START Data listing

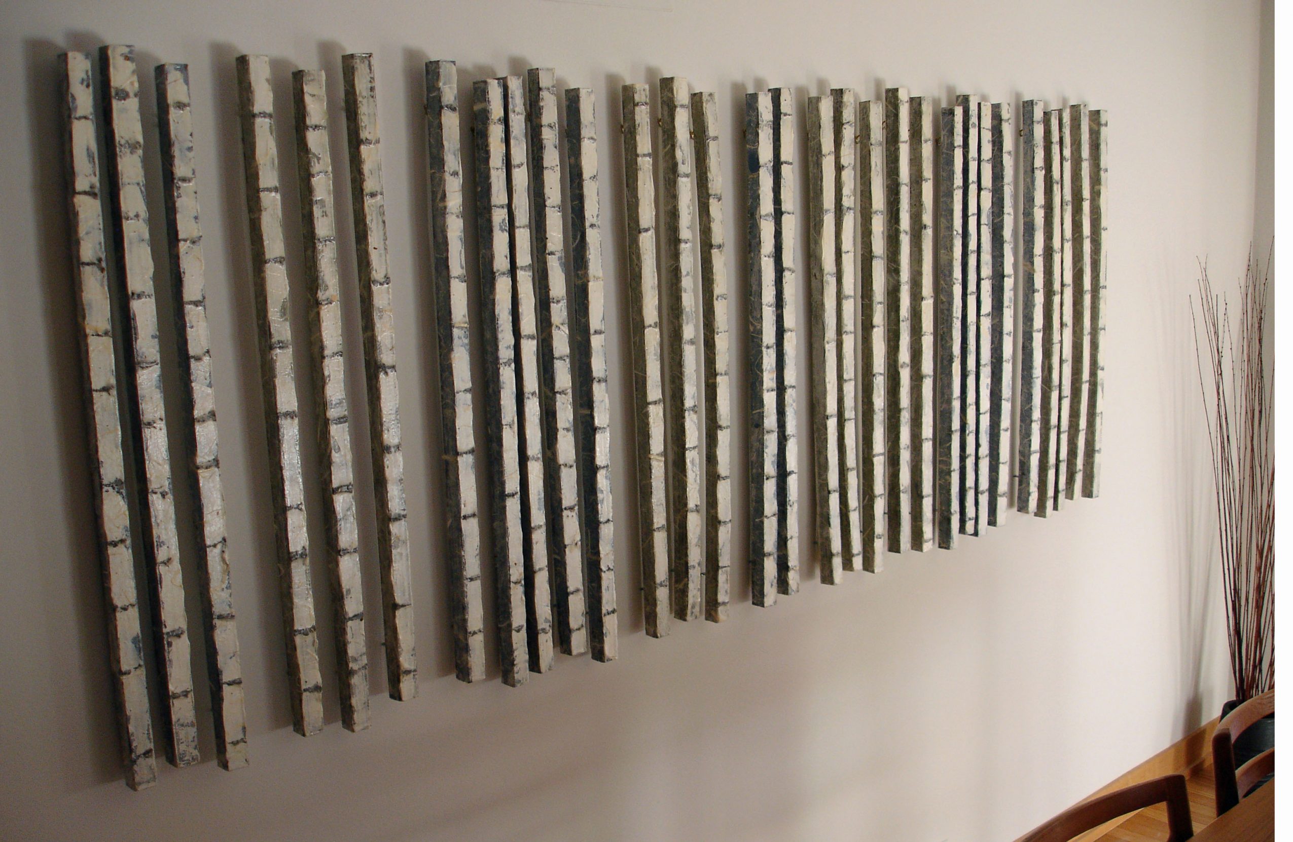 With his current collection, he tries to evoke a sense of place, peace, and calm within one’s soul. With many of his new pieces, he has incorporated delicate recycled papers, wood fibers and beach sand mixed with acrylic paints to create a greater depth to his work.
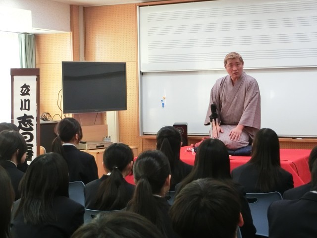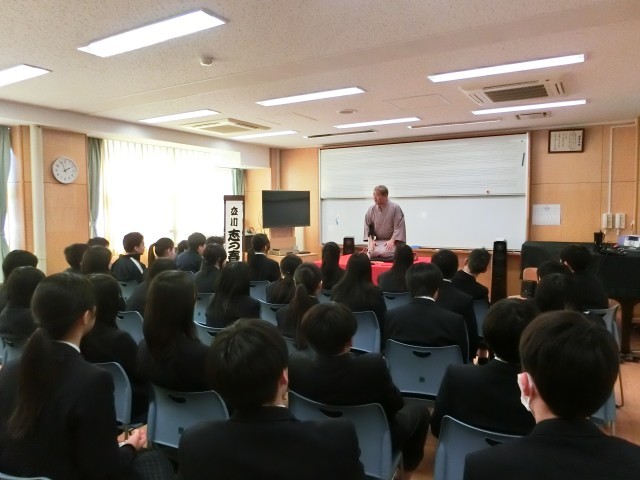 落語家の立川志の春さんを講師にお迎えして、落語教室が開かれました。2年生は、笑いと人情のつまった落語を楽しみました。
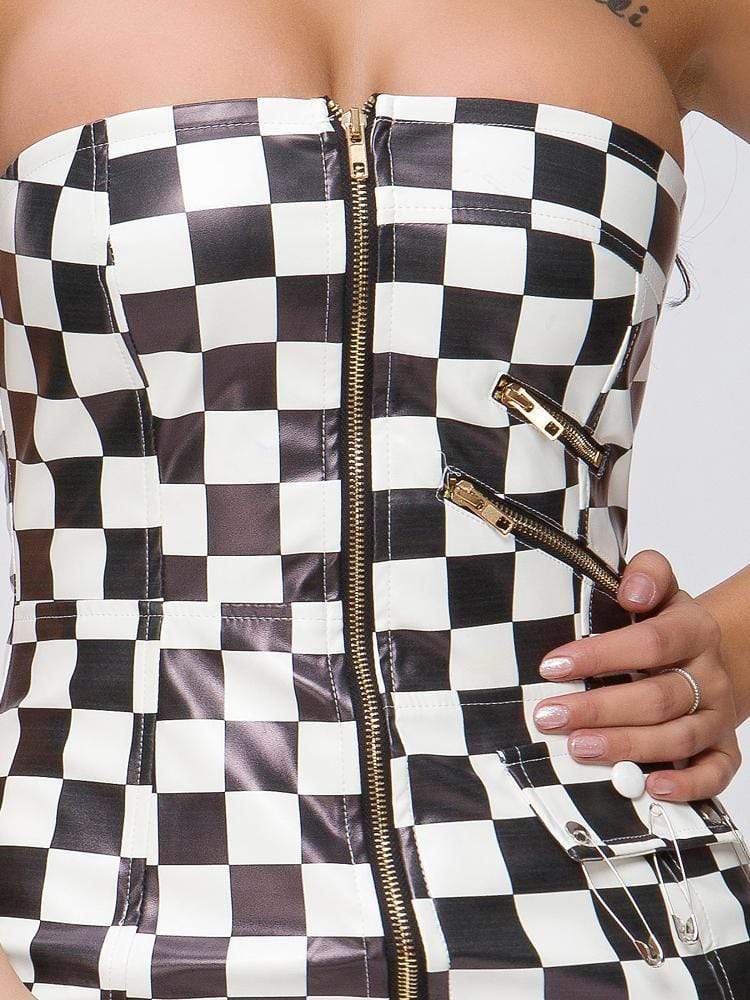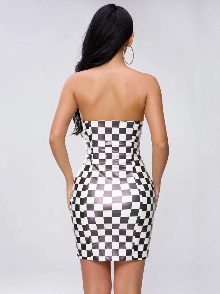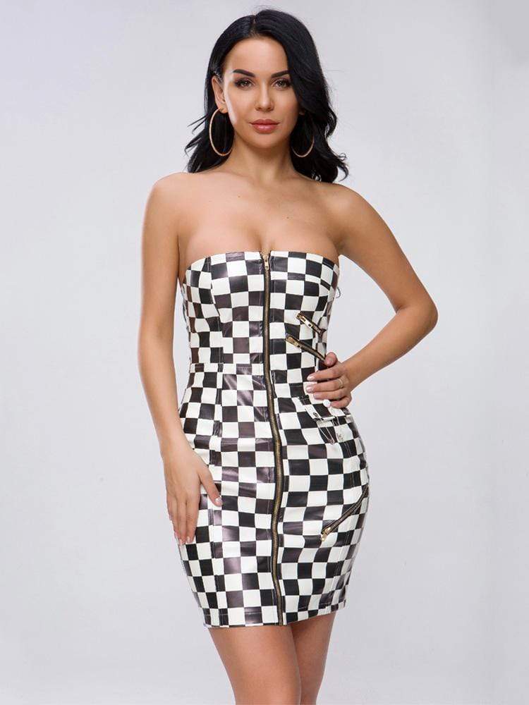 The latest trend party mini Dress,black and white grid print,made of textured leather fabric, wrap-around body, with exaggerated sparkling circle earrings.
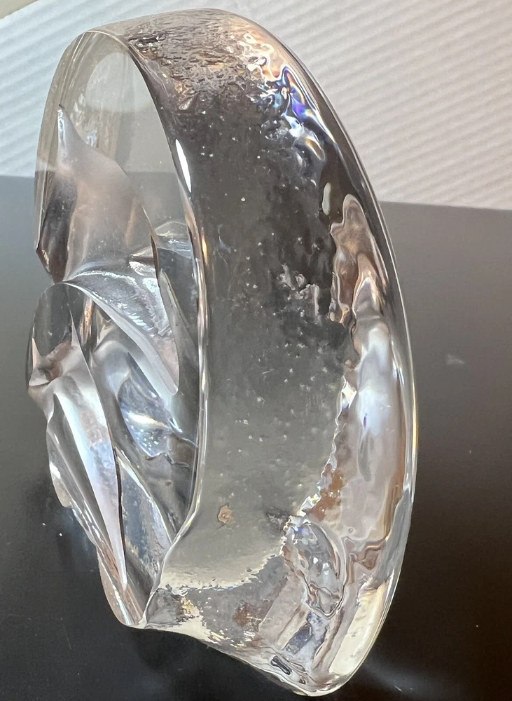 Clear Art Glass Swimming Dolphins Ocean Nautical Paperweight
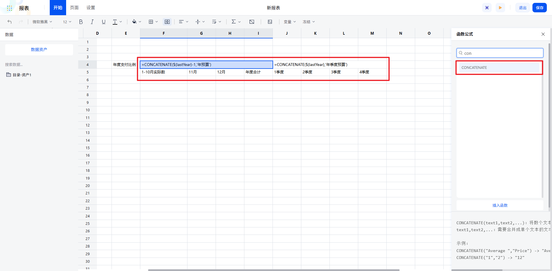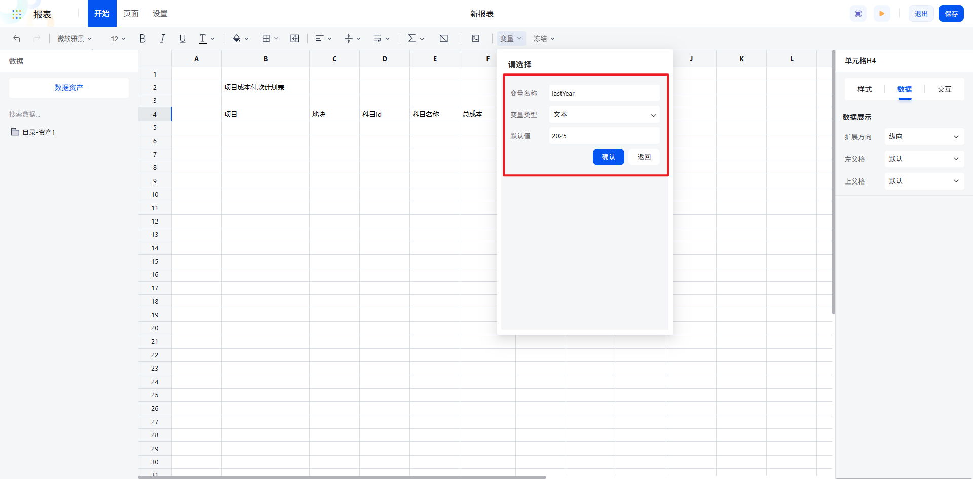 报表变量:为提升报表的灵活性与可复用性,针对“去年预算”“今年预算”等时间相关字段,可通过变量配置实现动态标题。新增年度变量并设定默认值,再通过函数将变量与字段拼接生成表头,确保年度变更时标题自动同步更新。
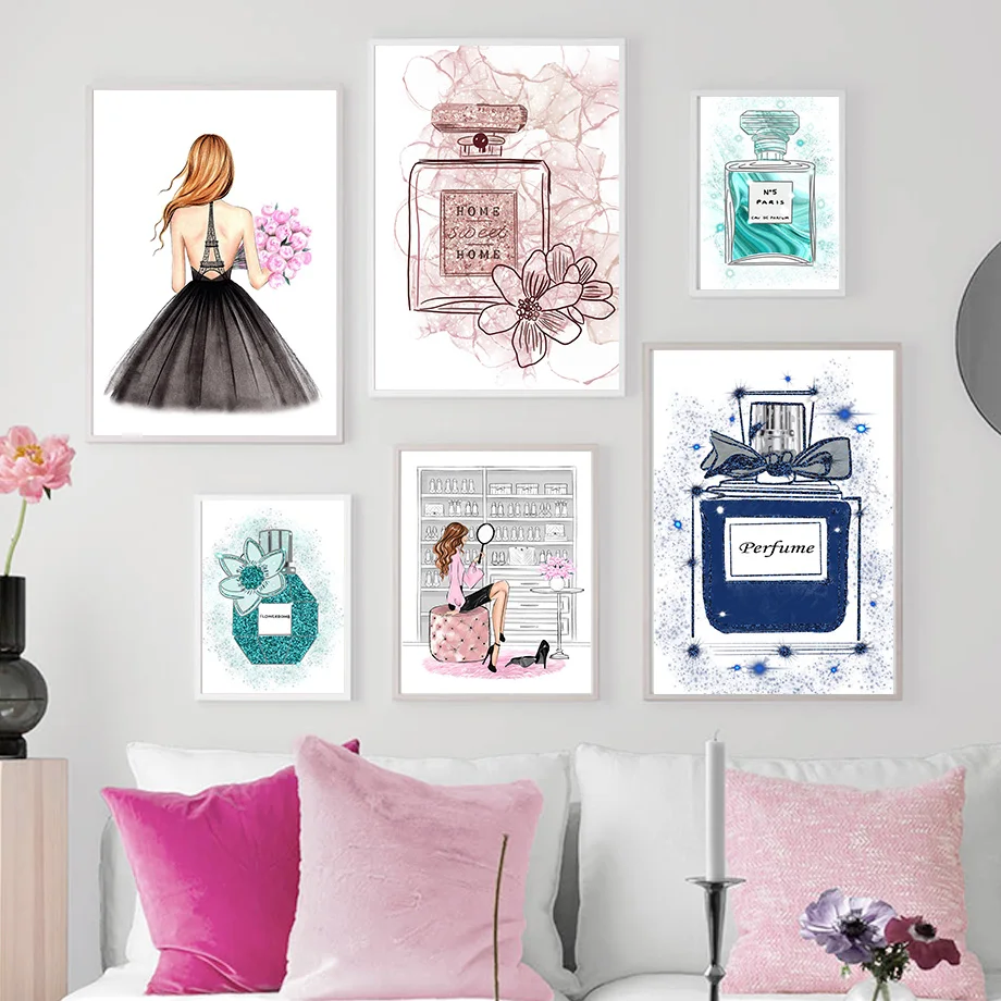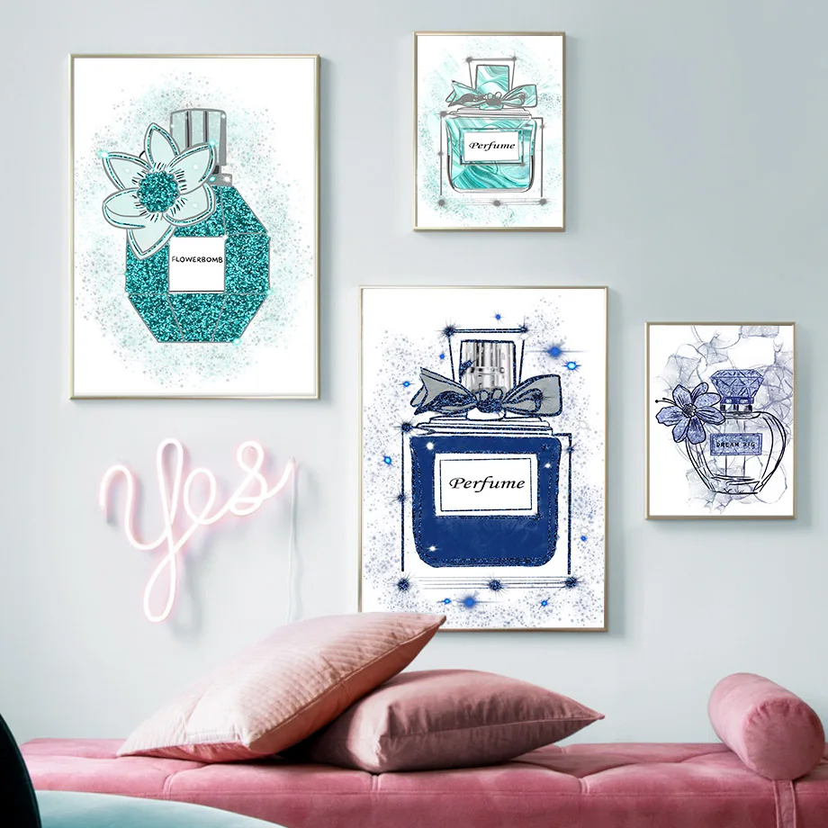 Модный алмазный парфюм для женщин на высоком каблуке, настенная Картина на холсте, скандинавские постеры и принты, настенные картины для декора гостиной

END Data listing

The material above is to be transcribed exactly, with its images omitted.

 With his current collection, he tries to evoke a sense of place, peace, and calm within one’s soul. With many of his new pieces, he has incorporated delicate recycled papers, wood fibers and beach sand mixed with acrylic paints to create a greater depth to his work.
 落語家の立川志の春さんを講師にお迎えして、落語教室が開かれました。2年生は、笑いと人情のつまった落語を楽しみました。
 The latest trend party mini Dress,black and white grid print,made of textured leather fabric, wrap-around body, with exaggerated sparkling circle earrings.
 Clear Art Glass Swimming Dolphins Ocean Nautical Paperweight
 报表变量:为提升报表的灵活性与可复用性,针对“去年预算”“今年预算”等时间相关字段,可通过变量配置实现动态标题。新增年度变量并设定默认值,再通过函数将变量与字段拼接生成表头,确保年度变更时标题自动同步更新。
 Модный алмазный парфюм для женщин на высоком каблуке, настенная Картина на холсте, скандинавские постеры и принты, настенные картины для декора гостиной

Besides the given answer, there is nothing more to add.